We have to keep two elements in mind:
Pocket fingerprints like KiSSim encode the full pocket although some residues might be more important for ligand binding than others. As an alternative, one could instead use a subset of residues that have been shown to frequently interact with co-crystallized ligands.
We only compare here the two closest structures per kinase pair, although we have — at least for kinases such as EGFR and CDK2 — much more structural data available. Aggregating multiple structures is a reasonable strategy but has two disadvantages:
Some kinases have much higher coverage than others, leading to an imbalance in information content.

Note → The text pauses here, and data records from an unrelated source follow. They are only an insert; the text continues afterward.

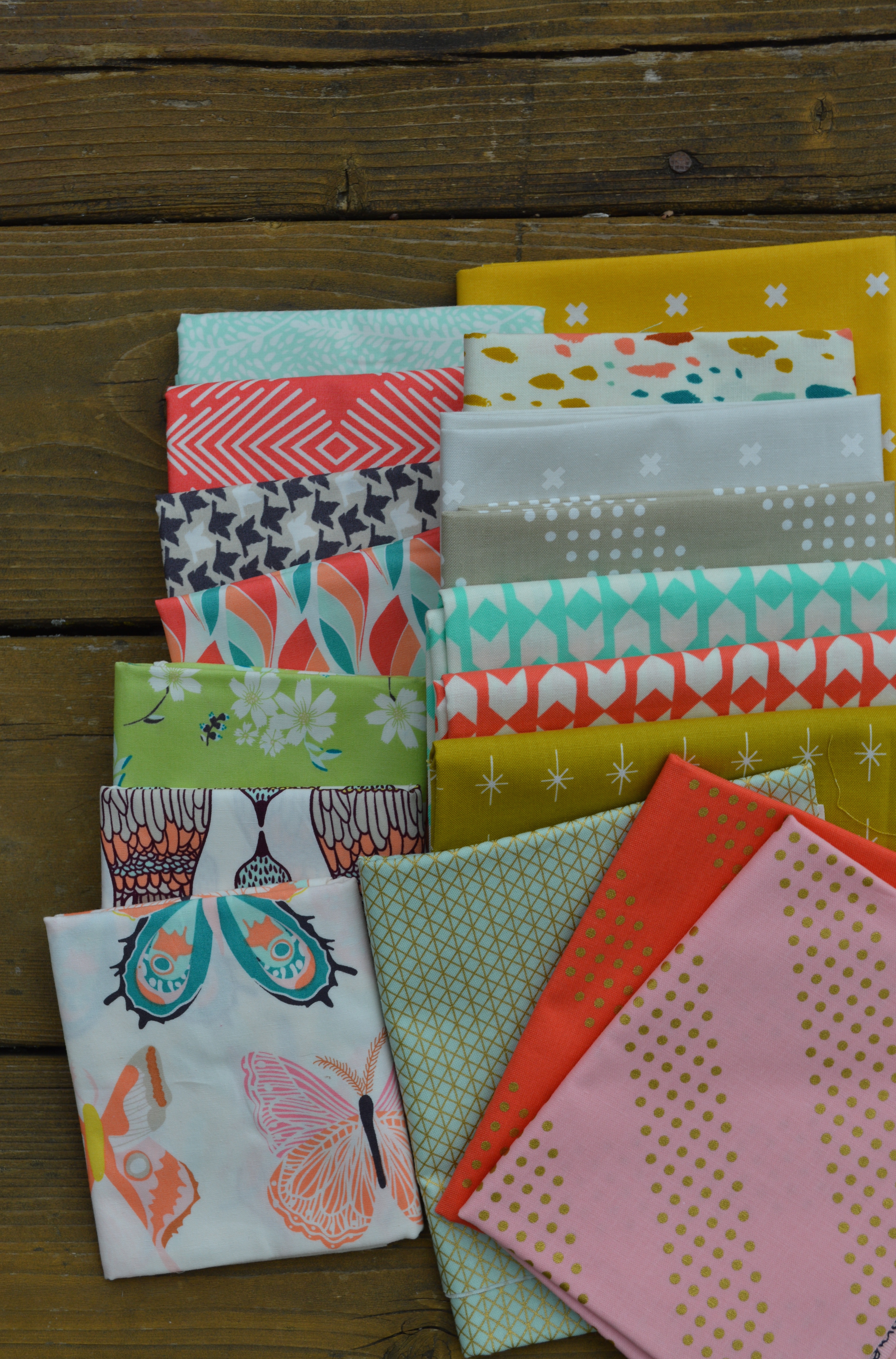 Below, I chose some of the novelty prints from Winged and added some basic geometrics, Mochi dots (linen/cotton blend by Moda Fabrics) and some shot cottons (you could also use solids).
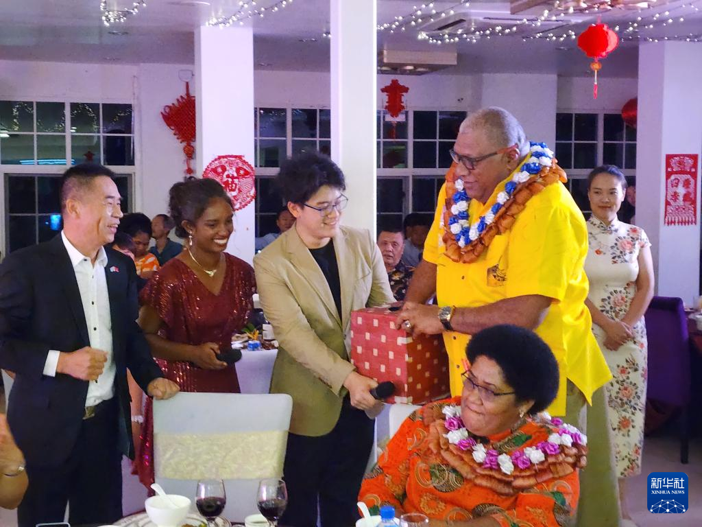 5日晚,斐济首都苏瓦悦来大酒店三楼大厅内大红灯笼高悬,红色中国结格外喜人。由中国驻斐济大使馆、斐济中国文化中心及当地侨团举办的欢乐春节元宵联欢会在这里举行。精美的冰雪图片展令人流连忘返,斐济民族舞蹈、斐济时装秀、云南手鼓等精彩表演轮番上场,为嘉宾奉上一场文化视觉盛宴。斐济总统卡托尼韦雷祝愿中国在新的一年里更加成功繁荣,期待将两国关系提升到新高度。
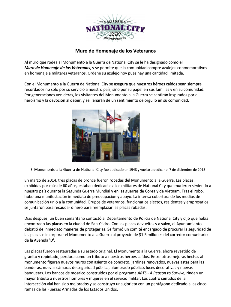 Get the free Al muro que rodea al Monumento a la Guerra de National City se le ha designado como el
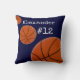 Basketball Sports Team Personalised Name and Number Navy Blue background Pillow.
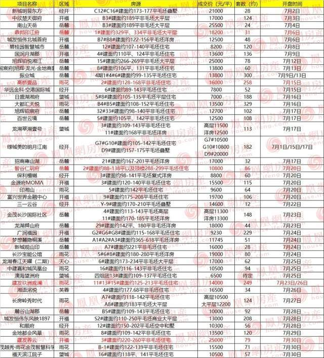 据凤凰网房产不完全统计,7月长沙六区一县共计44盘推新,供应超4000套房源。与上个月相比,新房供应量明显减少。

Aggregated kinase fingerprints may cause too much averaging, making pairwise kinase comparison noisier.
The kinase distance matrix above will be reloaded in Talktorial T028, where we compare kinase similarities from different perspectives, including the pocket structure perspective we have talked about in this talktorial.
Quiz¶
Can you think of reasons why it is important to include physicochemical and spatial properties in a fingerprint?
Can you think of a reason why the side chain orientation and solvent exposure may be interesting features to consider in a fingerprint?
Can you think of research questions for which you could make use of the structure distance matrix?